Source code for bw2data.backends.iotable.backend

import datetime
import functools

import numpy as np
import pandas as pd
from bw_processing import clean_datapackage_name, create_datapackage
from fsspec.implementations.zip import ZipFileSystem

from bw2data import config, databases, geomapping
from bw2data.backends import SQLiteBackend
from bw2data.backends.iotable.proxies import IOTableActivity, IOTableExchanges
from bw2data.configuration import labels
from bw2data.logs import stdout_feedback_logger



[docs]
class IOTableBackend(SQLiteBackend):
    """IO tables have too much data to store each value in a database; instead, we only store the processed data in NumPy arrays.

    Activities will not seem to have any exchanges."""


[docs]
    backend = "iotable"


[docs]
    node_class = IOTableActivity



[docs]
    def write(self, data, process=False, searchable=True, check_typos=True, signal=None):
        super().write(
            data, process=False, searchable=searchable, check_typos=check_typos, signal=signal
        )



[docs]
    def write_exchanges(self, technosphere, biosphere, dependents):
        """

        Write IO data directly to processed arrays.

        Product data is stored in SQLite as normal activities.
        Exchange data is written directly to NumPy structured arrays.

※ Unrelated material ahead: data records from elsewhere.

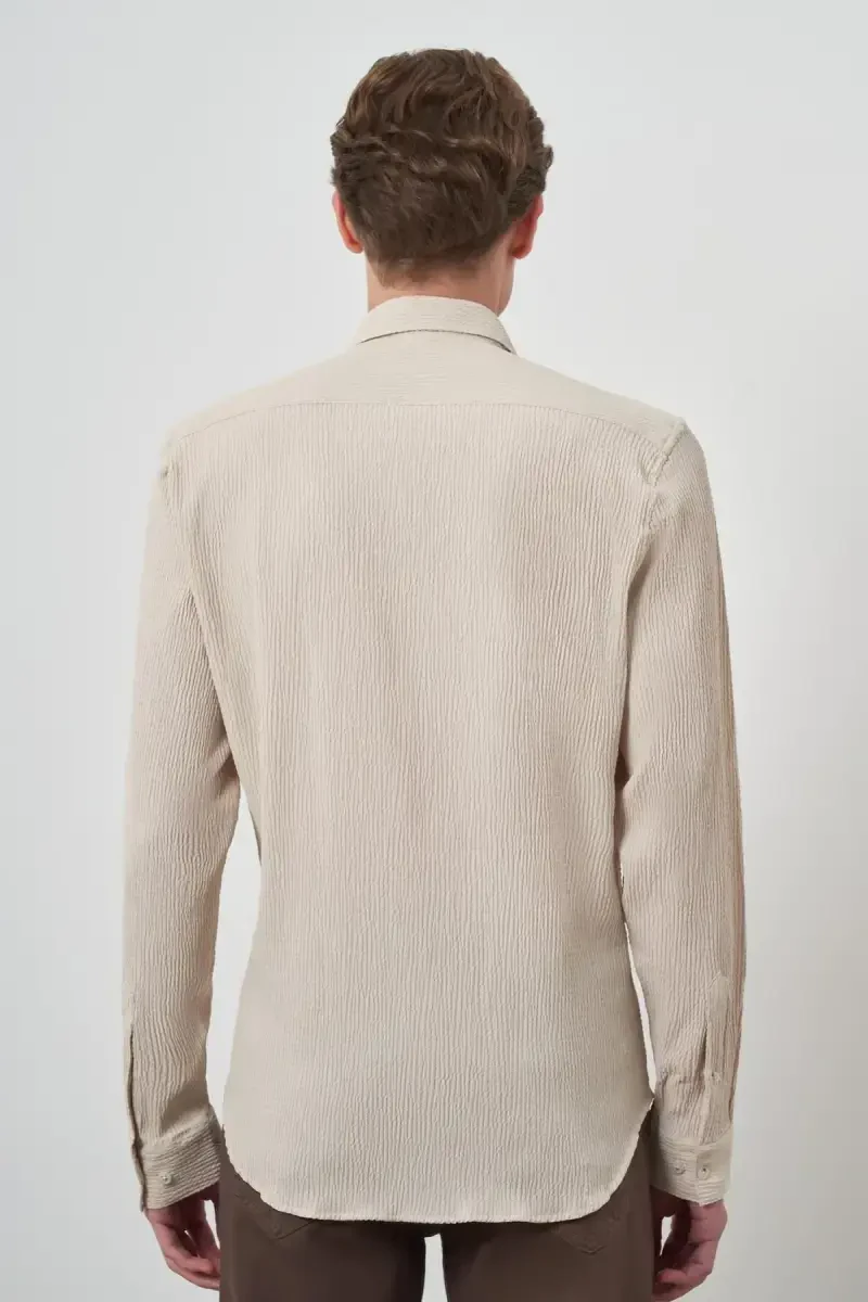 Erkak Bej Gofre Ko'ylak | Trend Naqshli, Dynamic Fit, Italyan Yoqa - Modazone
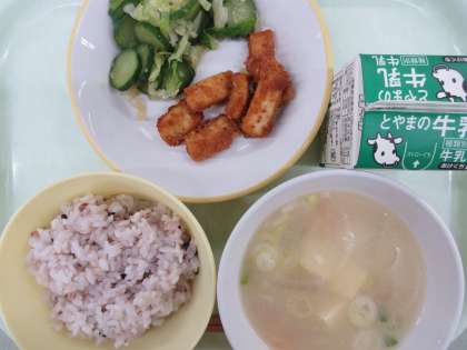 今日の献立は、雑穀入りごはん 牛乳 いかのかりん揚げ 華風和え すいとん です。
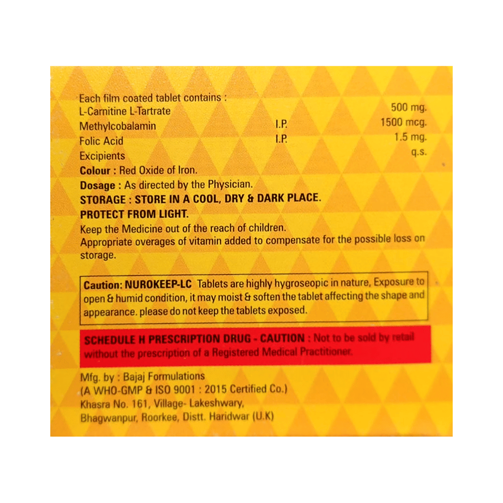 Nurokeep LC Tablet is a combination of vitamin B9, B12, L-carnitine L-tartrate. Folic acid is essential for production of red blood cells. It prevents and treats folate deficiency and anemia. When taken by pregnant women, Folic acid prevents miscarriage, preterm labor, and neural tube defects in infants. Levo-carnitine L-tartrate helps turn the fats present in ingested food into energy. It decreases insulin resistance and oxidative stress and improves immune function. Methylcobalamin corrects vitamin B12 deficiency thereby helping in treating certain anemias and nerve problems.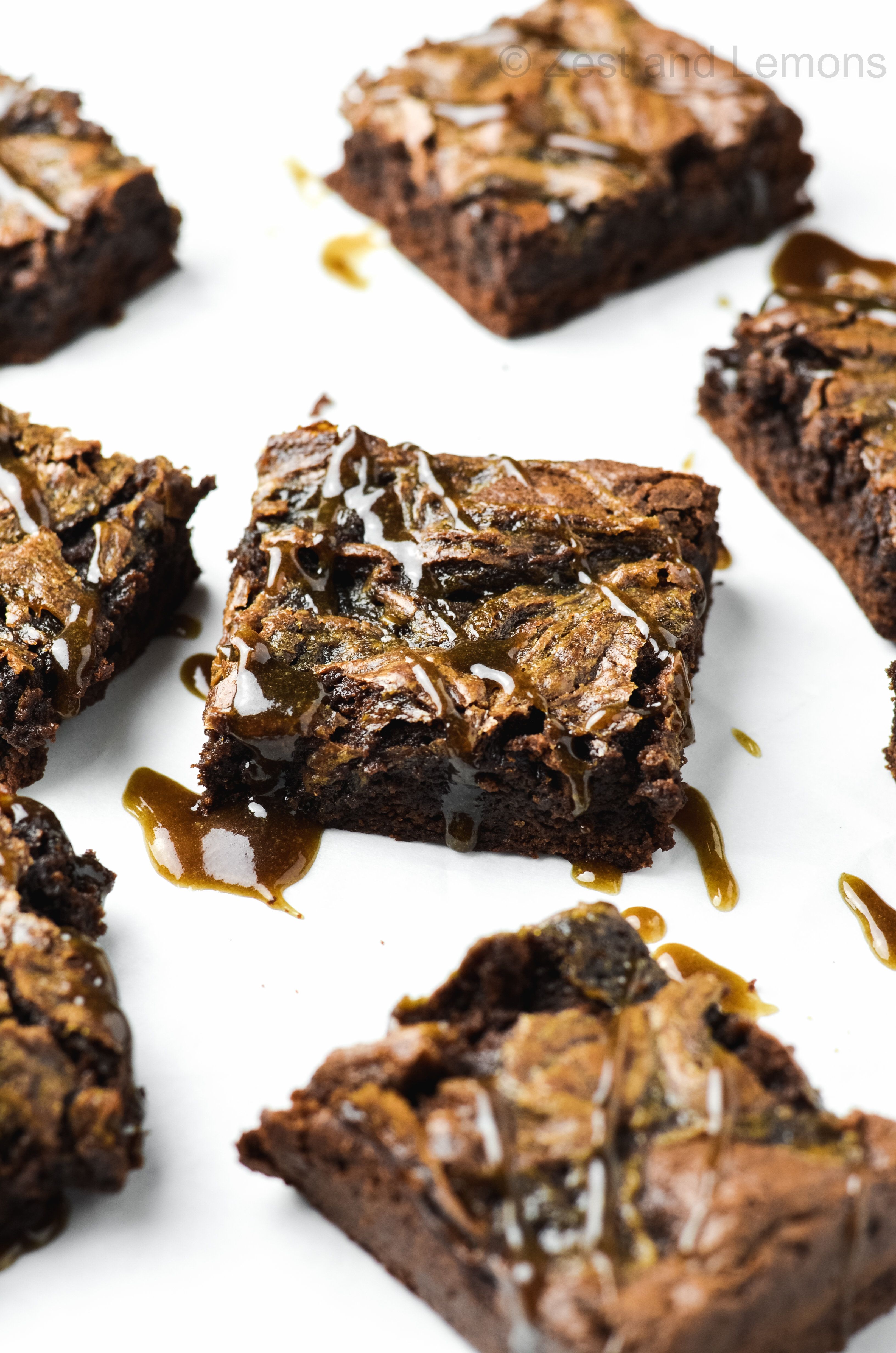 These caramel gluten free brownies are swirled with a homemade dairy-free coffee caramel sauce. Fudgy, chewy, and slightly gooey, you need these gluten free brownies in your life!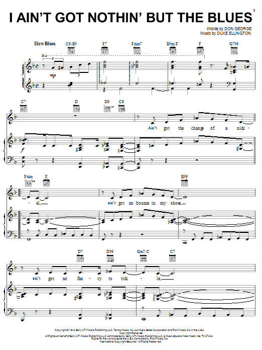 Download or print Duke Ellington I Ain't Got Nothin' But The Blues sheet music, chords and digital score arranged for Real Book – Melody & Chords – C Instruments. This Jazz score includes 1 page(s).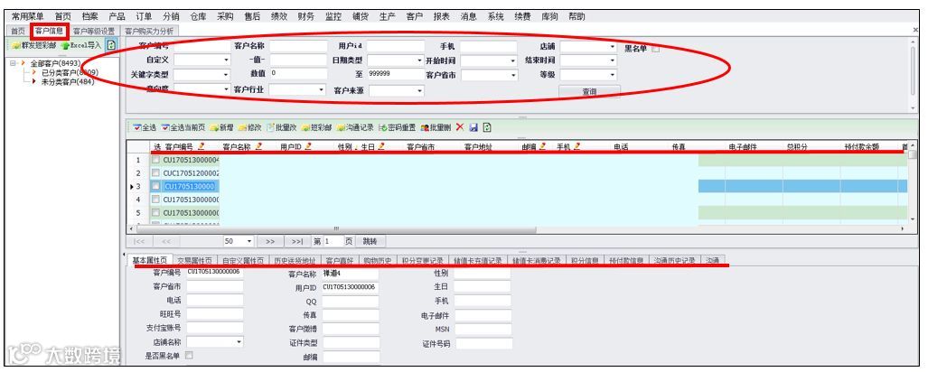 CRM将“丰收蟹庄”全部客户数据存储在系统中,包括客户姓名、收货人、客户ID、性别、生日、客户省市、客户地址、手机、客户喜好、购物历史等详细信息。这些数据成为会员数据分析的基础和依据。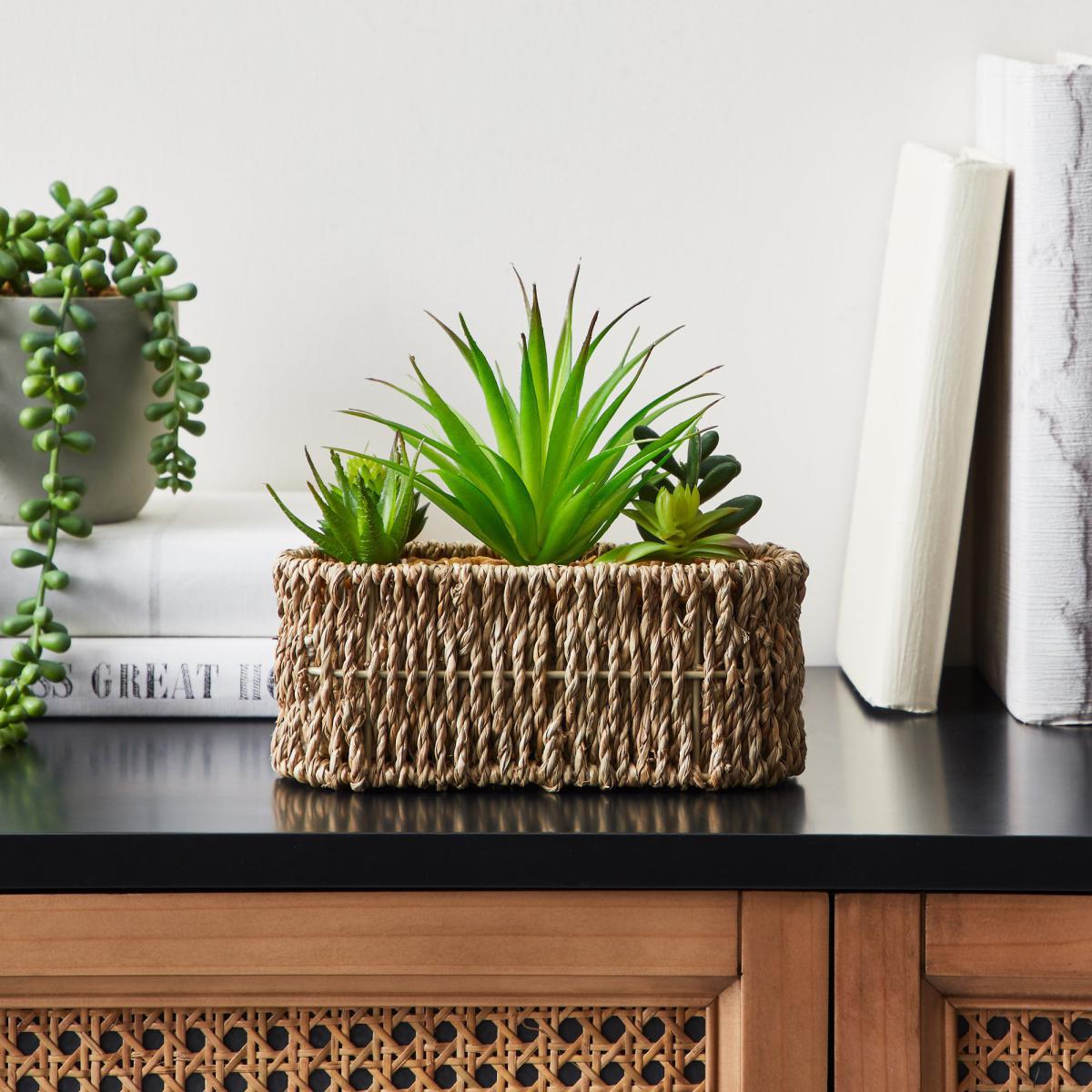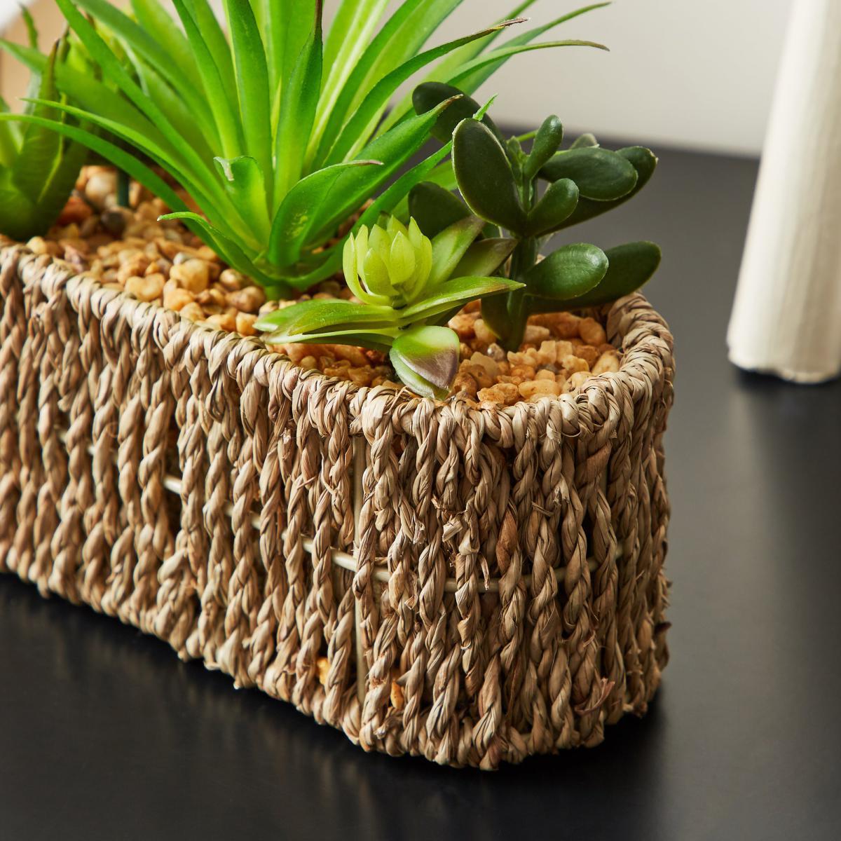 Add a touch of greenery to your home with this stunning, maintenance-free artificial Succulent, presented in a gorgeous woven pot. The beautiful piece will bring the outside in, while being easy to keep.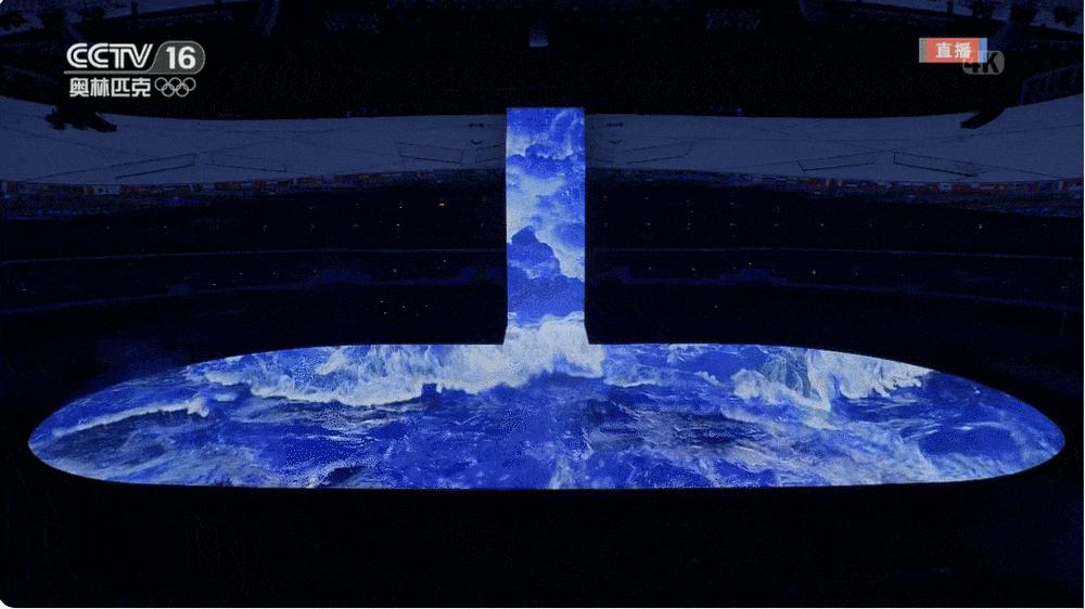 在国旗入场和奏国歌环节之后,现场竖屏上,一滴冰蓝色的水墨从天而降,它幻化成黄河之水,倾泻而下,整个场地都奔腾着滚滚而来的黄河之水。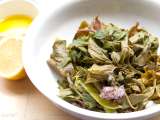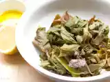 Gedünsteter spargelsalat mit avgolemono und polenta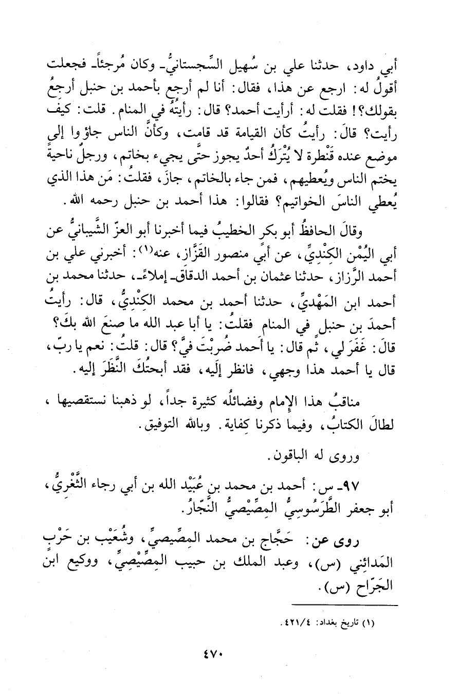 أَبِي داود، حَدَّثَنَا علي بْن سهيل السجستاني وكان مرجئا فجعلت أقول لَهُ: ارجع عَنْ هذا، فَقَالَ: أنا لم أرجع بأحمد بْن حنبل أرجع بقولك؟ ! فقلت لَهُ: أرأيت أَحْمَد؟ قال: رأيته فِي المنام. قلت: كيف رأيت؟ قال: رأيت كأن القيامة قد قامت، وكأن الناس جاؤوا إِلَى موضع عنده قنطرة لا يترك أحد يجوز حتى يجئ بخاتم، ورجل ناحية يختم الناس ويعطيهم، فمن جاء بالخاتم، جاز، فقلت: من هذا الذي يعطي الناس الخواتيم؟ فقالوا: هذا أَحْمَد بْن حنبل رحمه الله.
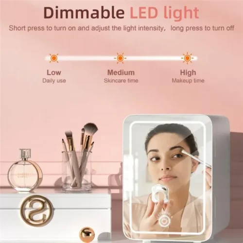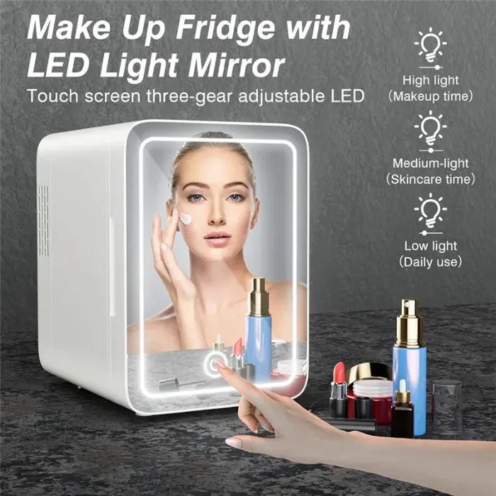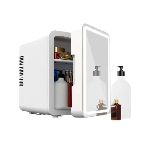 The fridge features an integrated LED mirror, making it convenient for skincare application and makeup touch-ups. The mirror adds both functionality and style, helping streamline your beauty routine.

        Technosphere and biosphere data has format ``(row id, col id, value, flip)``.

        """
        stdout_feedback_logger.info("Starting IO table write")

        # create empty datapackage
        dp = create_datapackage(
            fs=ZipFileSystem(self.filepath_processed(), mode="w"),
            name=clean_datapackage_name(self.name),
            sum_intra_duplicates=True,
            sum_inter_duplicates=False,
        )

        # add geomapping
        dp.add_persistent_vector_from_iterator(
            dict_iterator=(
                {
                    "row": obj.id,
                    "col": geomapping[obj.get("location", None) or config.global_location],
                    "amount": 1,
                }
                for obj in self
            ),
            matrix="inv_geomapping_matrix",
            name=clean_datapackage_name(self.name + " inventory geomapping matrix"),
            nrows=len(self),
        )

        stdout_feedback_logger.info("Adding technosphere matrix")
        # if technosphere is a dictionary pass it's keys & values
        if isinstance(technosphere, dict):
            dp.add_persistent_vector(
                matrix="technosphere_matrix",
                name=clean_datapackage_name(self.name + " technosphere matrix"),
                **technosphere,
            )
        # if it is an iterable, convert to right format
        elif hasattr(technosphere, "__iter__"):
            dp.add_persistent_vector_from_iterator(
                matrix="technosphere_matrix",
                name=clean_datapackage_name(self.name + " technosphere matrix"),
                dict_iterator=technosphere,
            )
        else:
            raise Exception(f"Error: Unsupported technosphere type: {type(technosphere)}")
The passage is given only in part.